» DATA:
============

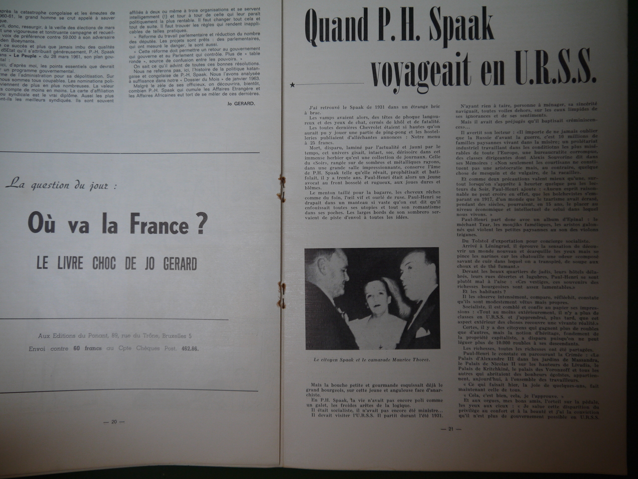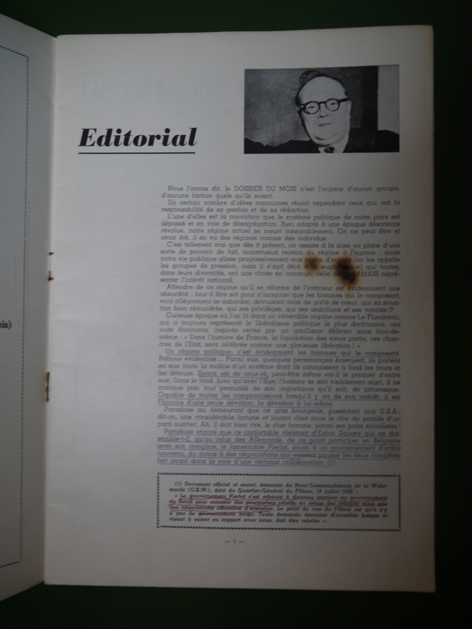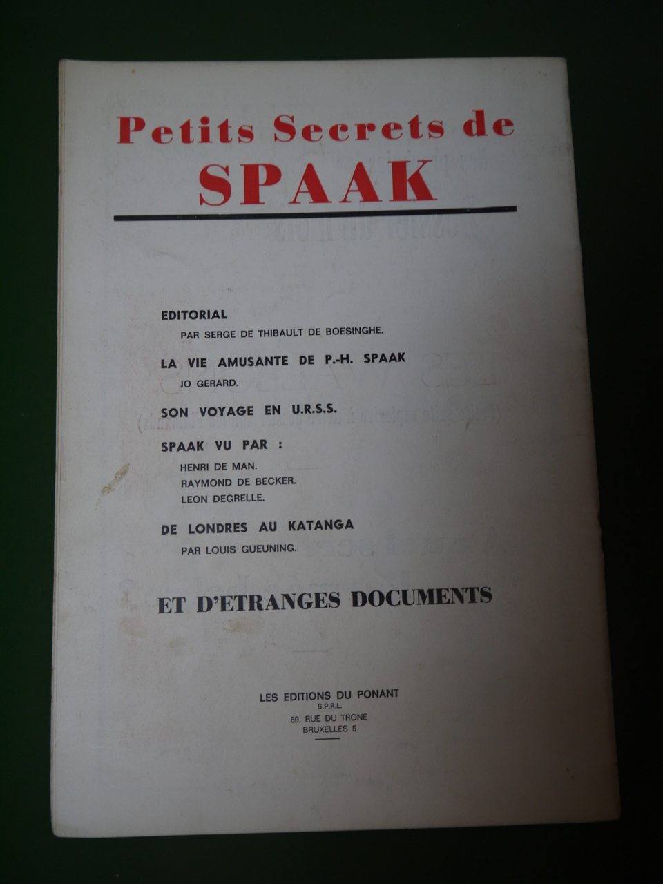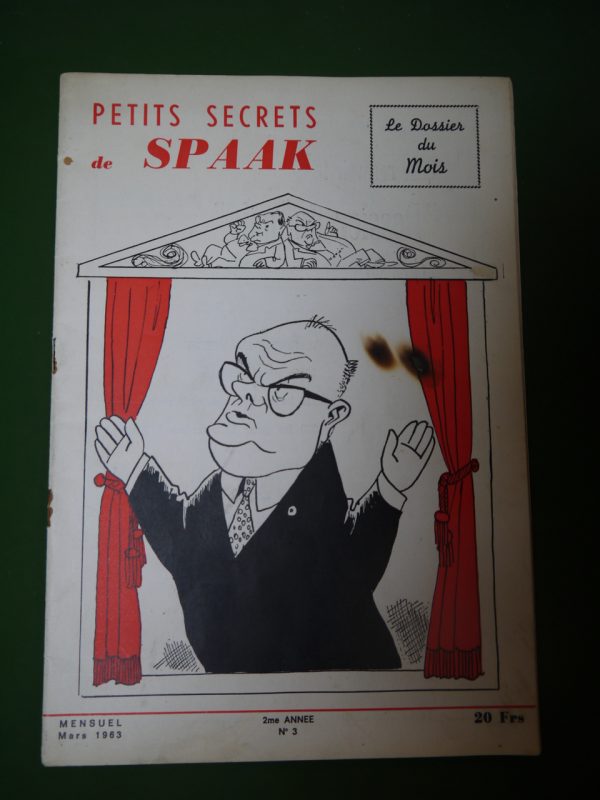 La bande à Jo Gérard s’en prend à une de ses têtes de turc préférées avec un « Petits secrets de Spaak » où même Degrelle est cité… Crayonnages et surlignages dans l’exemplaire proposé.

============

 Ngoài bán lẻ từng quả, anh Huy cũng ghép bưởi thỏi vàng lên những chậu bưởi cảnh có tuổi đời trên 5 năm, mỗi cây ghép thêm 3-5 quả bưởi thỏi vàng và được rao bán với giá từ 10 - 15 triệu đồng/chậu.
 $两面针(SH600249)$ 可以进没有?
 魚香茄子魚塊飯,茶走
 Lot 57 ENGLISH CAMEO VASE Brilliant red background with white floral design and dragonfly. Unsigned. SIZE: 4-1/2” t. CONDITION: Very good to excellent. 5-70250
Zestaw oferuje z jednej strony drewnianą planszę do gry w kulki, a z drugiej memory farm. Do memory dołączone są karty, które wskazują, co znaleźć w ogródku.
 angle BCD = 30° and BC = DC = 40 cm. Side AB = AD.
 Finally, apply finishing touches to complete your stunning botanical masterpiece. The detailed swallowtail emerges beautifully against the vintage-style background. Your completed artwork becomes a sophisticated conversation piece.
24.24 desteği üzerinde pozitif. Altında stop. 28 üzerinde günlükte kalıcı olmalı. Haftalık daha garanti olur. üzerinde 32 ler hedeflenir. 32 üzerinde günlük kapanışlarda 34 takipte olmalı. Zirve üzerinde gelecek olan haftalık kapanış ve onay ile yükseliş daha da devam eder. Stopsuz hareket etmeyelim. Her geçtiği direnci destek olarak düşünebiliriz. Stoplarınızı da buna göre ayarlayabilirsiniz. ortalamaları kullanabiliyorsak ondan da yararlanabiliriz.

============

Go through the material and copy out every line with "background" in it.

 Lot 57 ENGLISH CAMEO VASE Brilliant red background with white floral design and dragonfly. Unsigned. SIZE: 4-1/2” t. CONDITION: Very good to excellent. 5-70250
 Finally, apply finishing touches to complete your stunning botanical masterpiece. The detailed swallowtail emerges beautifully against the vintage-style background. Your completed artwork becomes a sophisticated conversation piece.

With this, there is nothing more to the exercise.